Right now I'm more worried about his brothers; frankly, they looked terrible--though this didn't prevent one of them for delivering a stirring eulogy. It was a good service all around--particularly the homily, which can make or break something like this. I was gratified by the amount of humour people were able to mix in. My grandfather's dour and austere services had me expecting the worst, but then my grandfather was something of a dour and austere man, and I think people were afraid to behave any differently. Moreover his wife's people are solid Irish, not German Lutherans with an Irish-Catholic veneer like ours.

Fortunately, Butch fell farther from the tree when it came to some things. Unlike his brothers (both blood and in-law), some of whom I'm only warming to now after years of semi-avoidance, he was always a fun uncle. I think [livejournal.com profile] bunj nailed it when he said that Butch lived his life on his own terms. He didn't do things simply because they were expected of him or what everyone else had done. For instance, he married so late that his nieces and nephews had children of their own before he did.

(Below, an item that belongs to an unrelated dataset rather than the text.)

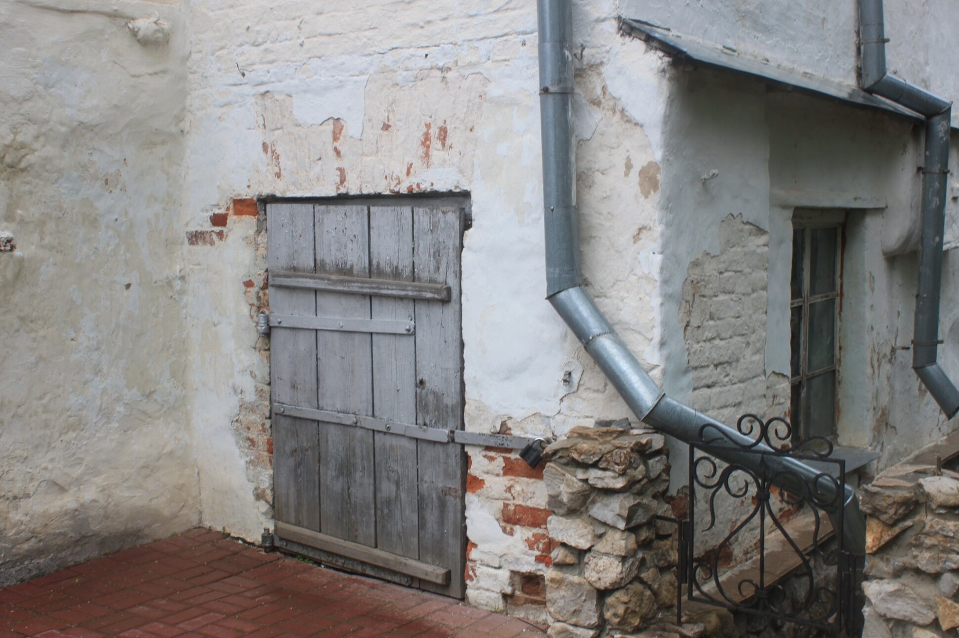 На фотографии запечатлен фрагмент стены Спасо-Преображенского храма, расположенного в селе Спас-Загорье Калужской области. Стена, сложенная из красного кирпича, частично сохранила старую штукатурку, что придает ей особый, благоговейный вид, свидетельствующий о долгой истории святого места. В центре композиции находится простая, но величественная деревянная дверь, собранная из массивных горизонтальных досок и укрепленная кованым засовом. Эта дверь ведет в намоленное пространство храма, где многие поколения верующих обретали утешение и совершали молитвы.

My heart goes out to those boys. They'll have a lot of aid and support growing up, but all the aunts, uncles, great-aunts and great-uncles, cousins, family friends, and what-have-you still don't add up to one dad.

[I've toyed with the idea of disabling comments not because I'd rather not talk about any of this but because I don't want any of you to feel obligated to reply with your condolences. I don't want to dissuade anyone from posting what they'd like to say either, but perhaps those sentiments would be better communicated via e-mail.]